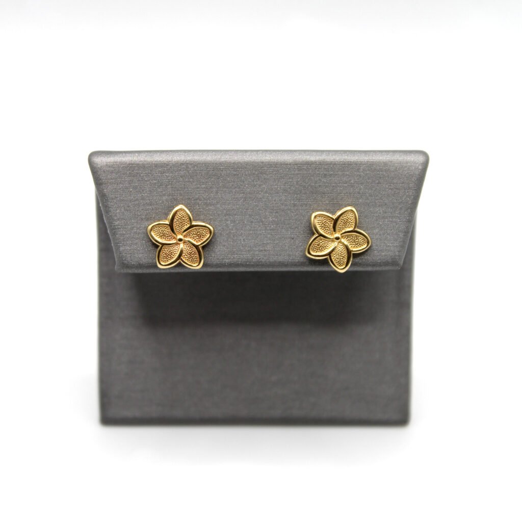 Textured Plumeria Flower Stud Earrings – 14KT Gold
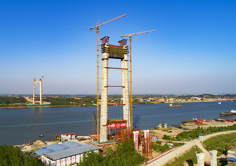 4月26日凌晨5时许,经过7个小时的鏖战,由湖北省路桥集团有限公司承建的棋盘洲长江大桥顺利完成南主塔上横梁全部混凝土浇筑。自此,大桥建设正式进入主塔上部结构施工,猫道架设、主缆安装等施工将依次铺开,2020年建成通车指日可待。
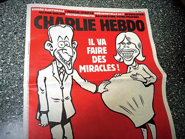 দেশের কনিষ্ঠতম প্রেসিডেন্ট হিসেবে আজ শপথ নিয়েছেন ৩৯ বছরের ইমানুয়েল মাক্রঁ। আর দিন চারেক আগেই মাক্রঁ আর তাঁর স্ত্রী ব্রিজিত মাক্রঁ-র একটি ব্যঙ্গচিত্র ছেপেছে ফরাসি পত্রিকা শার্লি এবদো। পত্রিকার প্রচ্ছদে দেখা যাচ্ছে অন্তঃসত্ত্বা স্ত্রীর পেটে হাত দিয়ে আছেন মাক্রঁ। প্রেসিডেন্টকে উদ্দেশ করে লেখা, ‘‘ইনি মির্যাকল ঘটাতে চলেছেন।’’ দেশের ভাবী ফার্স্ট লেডি সম্পর্কে এই ধরনের ব্যঙ্গচিত্র কুরুচিকর বলে মনে করছেন অনেকেই। বিতর্ক এতটাই গড়িয়েছে যে, বিষয়টি নিয়ে মুখ খুলেছেন ব্রিজিতের প্রথম পক্ষের মেয়ে তিফেইন ওজিয়ের। টুইট করেছেন খোদ ব্রিজিতও।
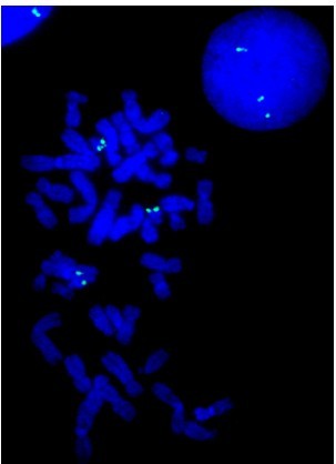 遇到问题了!紧急求助! 最近做了FISH的实验(样品:猪的血液样品),并发了图片给我,但是我不知道怎么区分是在哪些染色体上! 请问各位,如何判断这些染色体的信息?这些信号是在几号染色体上?说白了就是我怎么知道这些染色体的名称,是2号还是6号,还是X染色体? FISH的结果 |
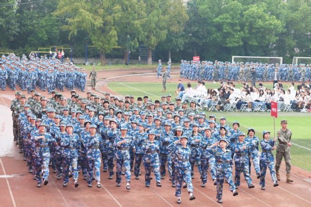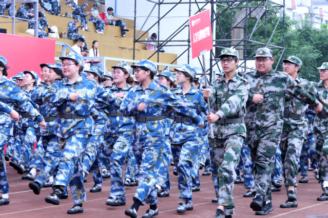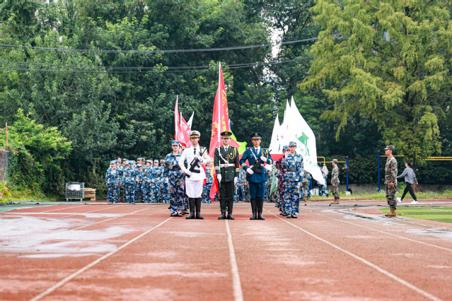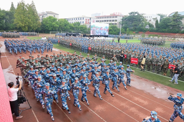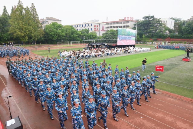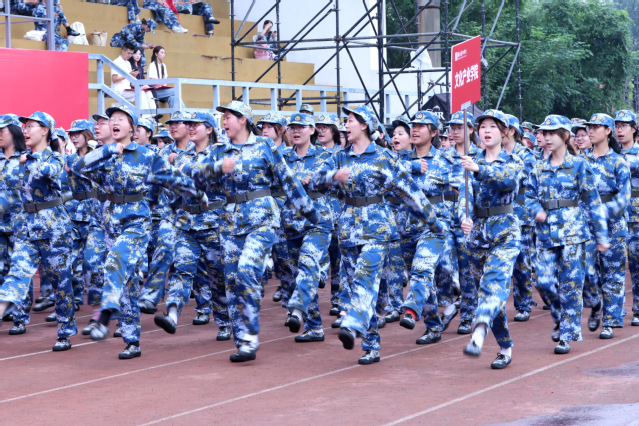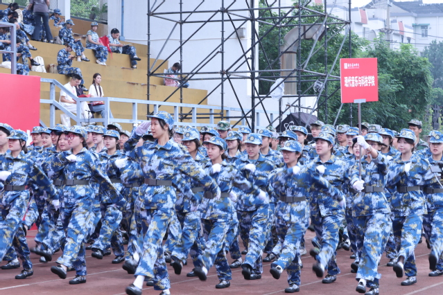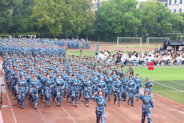 在庄严的校旗与院旗的引领下,2025级本科生军训团的分列式方阵,以饱满的精神状态、整齐划一的步伐与铿锵豪迈的气势,逐一走过主席台接受检阅。他们目光如炬,身姿挺拔,每一步都踏出了青春的节奏,每一声口号都喊出了昂扬的斗志,充分展现了当代大学生的飒爽军姿与蓬勃朝气。
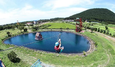 짚라인 체험은 거문오름과 녹차밭을 가로지르는 총 4개 코스로 구성되어 있으며, 운영시간은 오전 9시부터 오후 6시까지입니다(발권 마감: 오후 5시 30분).
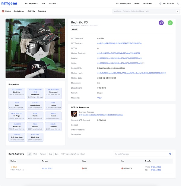 根据 Sei NFTScan 的数据显示:截止到 2024 年 6 月 12 日,Sei 网络上共发行了 27,722 枚 NFT 资产,累计发布了 177 个 NFT Collection 项目,共产生了 29,370 条链上交互记录,有过交互的钱包地址 3,919 个,共累计交易额 11,993.51 SEI。
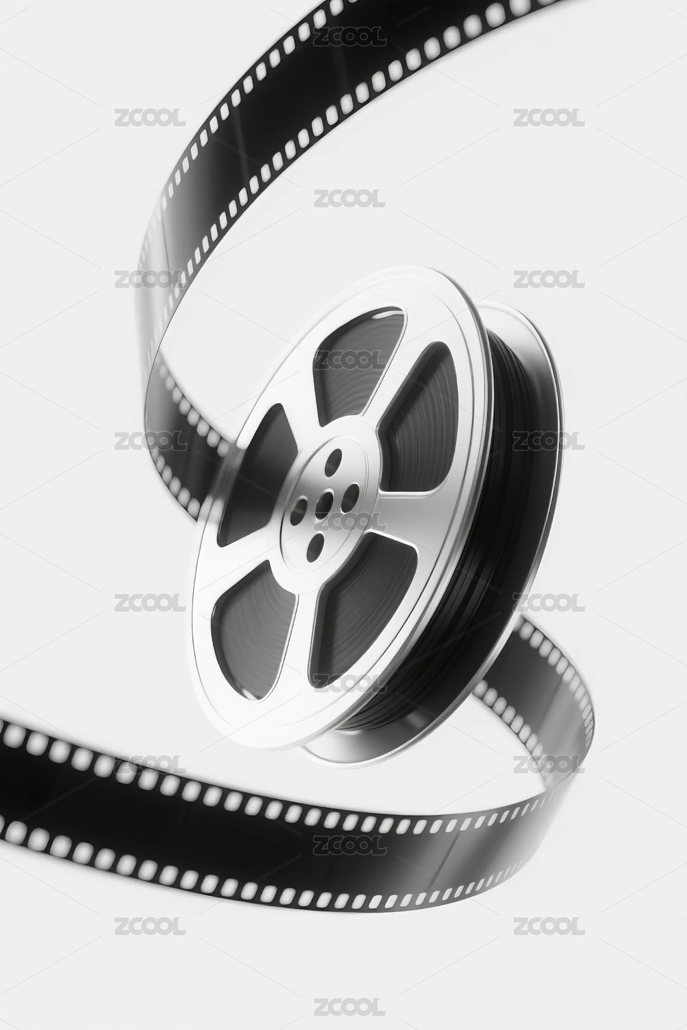 极简电影胶片胶卷元素特写黑白帧白底背景图
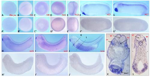 Fig. 2. Spatial patterns of rrbp1a [rrbp1.L] analyzed by whole mount in situ hybridization. (A and Aâ²) Oocyte. (B and Bâ²) Stage 2, animal view. (C and Câ²) Stage 8, animal view. (D and Dâ²) Stage 11, vegetal view. (E and Eâ²) Stage 21, dorsal view. (F and Fâ²) Stage 25, lateral view. (G and Gâ²) Stage 27, dorsal view. (H and Hâ²) Stage 29, lateral view. (I and Iâ²) Stage 32, lateral view. (J and Jâ²) Stage 36, lateral view. (K and L) Transverse sections of embryos at the levels illustrated by black broken lines in J. Nc, notochord; nt, neural tube; ov, otic vesicle. Aâ²-Jâ² indicates the sense probe control. Image published in: Liu GH et al. (2017) Copyright © 2017. Image reproduced with permission of the Publisher, Elsevier B. V.
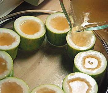 3、将节瓜削皮后切成小块状,然后与猪骨、清水一同放入煲中,并加入去核的红枣,先用大火烧开,再用小火煲一个小时即可。
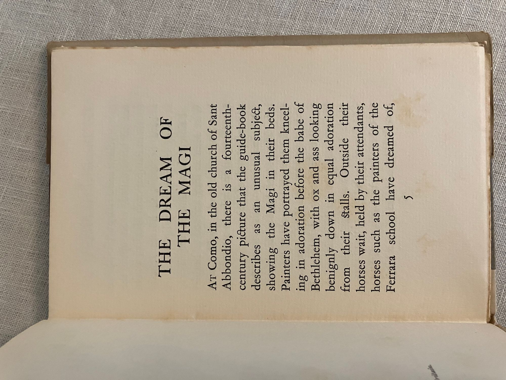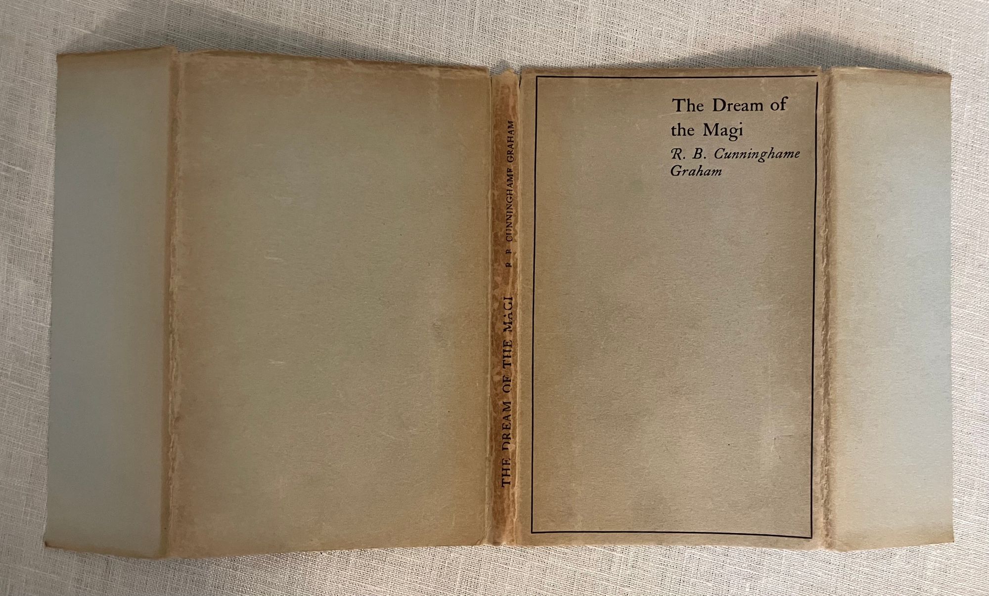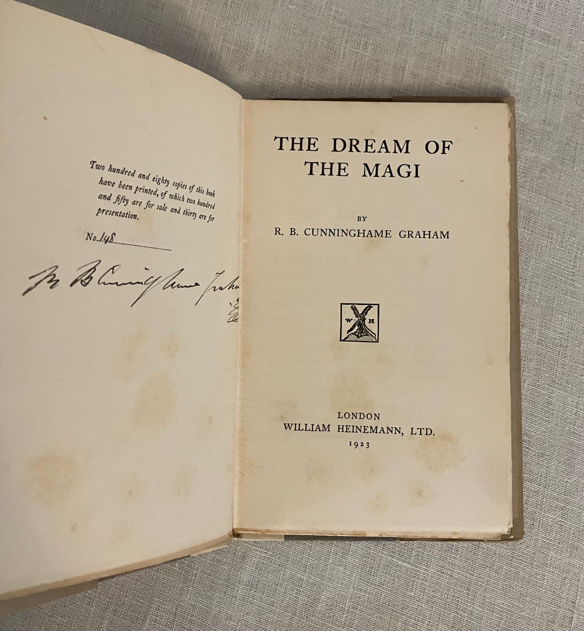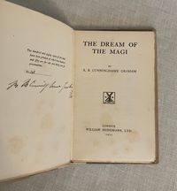 Hard cover, 12mo., pp 43 [1]. Signed by author. Limited edition: number 148 of the 250 for sale; (another 30 for presentation.) Printed by Richard Clay & Sons Ltd., Printers, Bunguay, Suffolk. In publisher's quarter cream cloth, over blue covered paper boards. Paper label to front cover, and gold lettering to spine. Plain olive-gray dust jacket with titles to front and spine. Fore-edge of text block untrimmed. Condition: Very Good. Light foxing throughout. Light shelf wear to bottom edge of covers. Author signature on limitation page "goes over" to gutter of p. 15 (signed when sheets were unbound presumably.) Dust jacket dust-soiled on spine, with tiny loss to head of spine, now protected in mylar. ** A retelling of the journey the Magi took across the desert to Bethlehem, inspired by the image of the sleeping Magi on the walls of Sant Abbondio church in Como, Italy. ** Scottish politician and author, Robert Bontine Cunninghame Graham (1852-1936), was the child of a Scottish admiral and a Spanish noblewoman. He grew up on a family ranch in Argentina, and was there kidnapped by rebel gauchos, who named him "Don Roberto". He escaped, but retained a lifelong desire to help the underclass. He married a "Chilean poetess", Gabrielade la Belmondiere, who was actually a British actress, Caroline Horsfall. Together they travelled through France, Germany, America and finally Mexico, where Graham taught fencing and his wife taught guitar. On his father's death in 1883, Graham returned to Scotland to manage the family estates at Gartmore (near Stirling, in central Scotland). Like many landed gentry, he turned to politics and was elected to Parliament as a Liberal. Graham did not care much for the niceties of Parliamentary etiquette, and was the first MP ever to be suspended for swearing (he said "damn"!). He advocated for the removal of the (hereditary) House of Lords and for an eight-hour working day. He founded the Scottish Labour Party along with James Keir Hardie in 1888, and became its first president. His political career was derailed when, as a prospective Labour MP, he failed to win the seat for Glasgow Camlachie in 1892. ** Graham then turned to his adventurous past to become a writer. Known for travel books, as well as for atmospheric short stories, or "literary sketches", he also named the "prince of the preface" for his many contributions to other books. In "A Vanished Arcadia" (1901) he described the treatment of the Indians in Paraguay under both the Jesuits as well as the Spanish colonial leaders; the 1986 film "The Mission" was loosely based on this work.
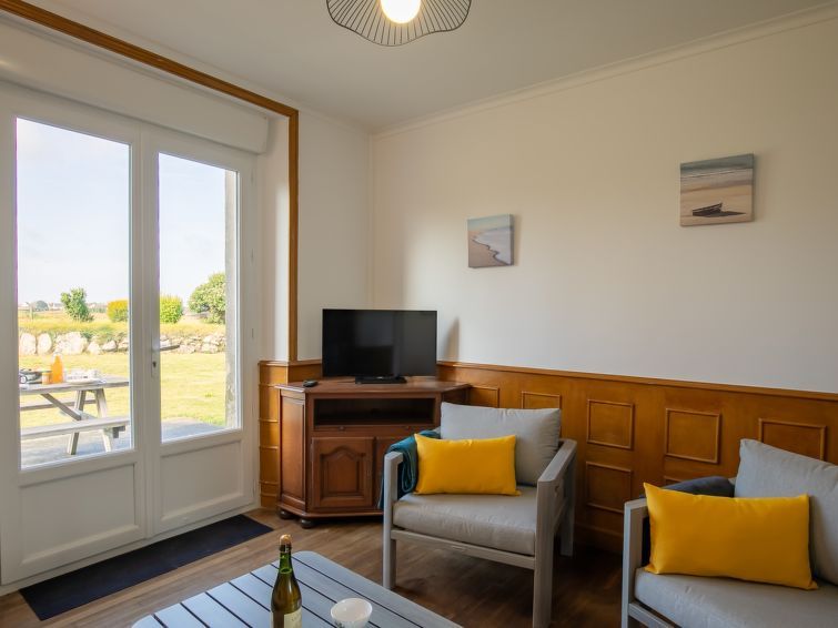 "Ty Cam", 5-room house 80 m2 on 2 levels. Bright, fully renovated in 2023, beautiful and cosy furnishings: living room 15 m2 with TV. Exit to the terrace. Open kitchen 15 m2 (oven, dishwasher, 3 induction hot plates, toaster, kettle, microwave, electric coffee machine). Shower, sep.
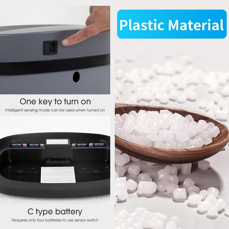 - Super power saving:With just 4 C batteries, this inductive trash can can last you a long time.

########

▸ What you have to do
In the copy, include no pictures; everything else in the material should be written out exactly.

▸ Answer to this task
 Textured Plumeria Flower Stud Earrings – 14KT Gold
 4月26日凌晨5时许,经过7个小时的鏖战,由湖北省路桥集团有限公司承建的棋盘洲长江大桥顺利完成南主塔上横梁全部混凝土浇筑。自此,大桥建设正式进入主塔上部结构施工,猫道架设、主缆安装等施工将依次铺开,2020年建成通车指日可待。
 দেশের কনিষ্ঠতম প্রেসিডেন্ট হিসেবে আজ শপথ নিয়েছেন ৩৯ বছরের ইমানুয়েল মাক্রঁ। আর দিন চারেক আগেই মাক্রঁ আর তাঁর স্ত্রী ব্রিজিত মাক্রঁ-র একটি ব্যঙ্গচিত্র ছেপেছে ফরাসি পত্রিকা শার্লি এবদো। পত্রিকার প্রচ্ছদে দেখা যাচ্ছে অন্তঃসত্ত্বা স্ত্রীর পেটে হাত দিয়ে আছেন মাক্রঁ। প্রেসিডেন্টকে উদ্দেশ করে লেখা, ‘‘ইনি মির্যাকল ঘটাতে চলেছেন।’’ দেশের ভাবী ফার্স্ট লেডি সম্পর্কে এই ধরনের ব্যঙ্গচিত্র কুরুচিকর বলে মনে করছেন অনেকেই। বিতর্ক এতটাই গড়িয়েছে যে, বিষয়টি নিয়ে মুখ খুলেছেন ব্রিজিতের প্রথম পক্ষের মেয়ে তিফেইন ওজিয়ের। টুইট করেছেন খোদ ব্রিজিতও।
 遇到问题了!紧急求助! 最近做了FISH的实验(样品:猪的血液样品),并发了图片给我,但是我不知道怎么区分是在哪些染色体上! 请问各位,如何判断这些染色体的信息?这些信号是在几号染色体上?说白了就是我怎么知道这些染色体的名称,是2号还是6号,还是X染色体? FISH的结果 |
 在庄严的校旗与院旗的引领下,2025级本科生军训团的分列式方阵,以饱满的精神状态、整齐划一的步伐与铿锵豪迈的气势,逐一走过主席台接受检阅。他们目光如炬,身姿挺拔,每一步都踏出了青春的节奏,每一声口号都喊出了昂扬的斗志,充分展现了当代大学生的飒爽军姿与蓬勃朝气。
 짚라인 체험은 거문오름과 녹차밭을 가로지르는 총 4개 코스로 구성되어 있으며, 운영시간은 오전 9시부터 오후 6시까지입니다(발권 마감: 오후 5시 30분).
 根据 Sei NFTScan 的数据显示:截止到 2024 年 6 月 12 日,Sei 网络上共发行了 27,722 枚 NFT 资产,累计发布了 177 个 NFT Collection 项目,共产生了 29,370 条链上交互记录,有过交互的钱包地址 3,919 个,共累计交易额 11,993.51 SEI。
 极简电影胶片胶卷元素特写黑白帧白底背景图
 Fig. 2. Spatial patterns of rrbp1a [rrbp1.L] analyzed by whole mount in situ hybridization. (A and Aâ²) Oocyte. (B and Bâ²) Stage 2, animal view. (C and Câ²) Stage 8, animal view. (D and Dâ²) Stage 11, vegetal view. (E and Eâ²) Stage 21, dorsal view. (F and Fâ²) Stage 25, lateral view. (G and Gâ²) Stage 27, dorsal view. (H and Hâ²) Stage 29, lateral view. (I and Iâ²) Stage 32, lateral view. (J and Jâ²) Stage 36, lateral view. (K and L) Transverse sections of embryos at the levels illustrated by black broken lines in J. Nc, notochord; nt, neural tube; ov, otic vesicle. Aâ²-Jâ² indicates the sense probe control. Image published in: Liu GH et al. (2017) Copyright © 2017. Image reproduced with permission of the Publisher, Elsevier B. V.
 3、将节瓜削皮后切成小块状,然后与猪骨、清水一同放入煲中,并加入去核的红枣,先用大火烧开,再用小火煲一个小时即可。
 Hard cover, 12mo., pp 43 [1]. Signed by author. Limited edition: number 148 of the 250 for sale; (another 30 for presentation.) Printed by Richard Clay & Sons Ltd., Printers, Bunguay, Suffolk. In publisher's quarter cream cloth, over blue covered paper boards. Paper label to front cover, and gold lettering to spine. Plain olive-gray dust jacket with titles to front and spine. Fore-edge of text block untrimmed. Condition: Very Good. Light foxing throughout. Light shelf wear to bottom edge of covers. Author signature on limitation page "goes over" to gutter of p. 15 (signed when sheets were unbound presumably.) Dust jacket dust-soiled on spine, with tiny loss to head of spine, now protected in mylar. ** A retelling of the journey the Magi took across the desert to Bethlehem, inspired by the image of the sleeping Magi on the walls of Sant Abbondio church in Como, Italy. ** Scottish politician and author, Robert Bontine Cunninghame Graham (1852-1936), was the child of a Scottish admiral and a Spanish noblewoman. He grew up on a family ranch in Argentina, and was there kidnapped by rebel gauchos, who named him "Don Roberto". He escaped, but retained a lifelong desire to help the underclass. He married a "Chilean poetess", Gabrielade la Belmondiere, who was actually a British actress, Caroline Horsfall. Together they travelled through France, Germany, America and finally Mexico, where Graham taught fencing and his wife taught guitar. On his father's death in 1883, Graham returned to Scotland to manage the family estates at Gartmore (near Stirling, in central Scotland). Like many landed gentry, he turned to politics and was elected to Parliament as a Liberal. Graham did not care much for the niceties of Parliamentary etiquette, and was the first MP ever to be suspended for swearing (he said "damn"!). He advocated for the removal of the (hereditary) House of Lords and for an eight-hour working day. He founded the Scottish Labour Party along with James Keir Hardie in 1888, and became its first president. His political career was derailed when, as a prospective Labour MP, he failed to win the seat for Glasgow Camlachie in 1892. ** Graham then turned to his adventurous past to become a writer. Known for travel books, as well as for atmospheric short stories, or "literary sketches", he also named the "prince of the preface" for his many contributions to other books. In "A Vanished Arcadia" (1901) he described the treatment of the Indians in Paraguay under both the Jesuits as well as the Spanish colonial leaders; the 1986 film "The Mission" was loosely based on this work.
 "Ty Cam", 5-room house 80 m2 on 2 levels. Bright, fully renovated in 2023, beautiful and cosy furnishings: living room 15 m2 with TV. Exit to the terrace. Open kitchen 15 m2 (oven, dishwasher, 3 induction hot plates, toaster, kettle, microwave, electric coffee machine). Shower, sep.
 - Super power saving:With just 4 C batteries, this inductive trash can can last you a long time.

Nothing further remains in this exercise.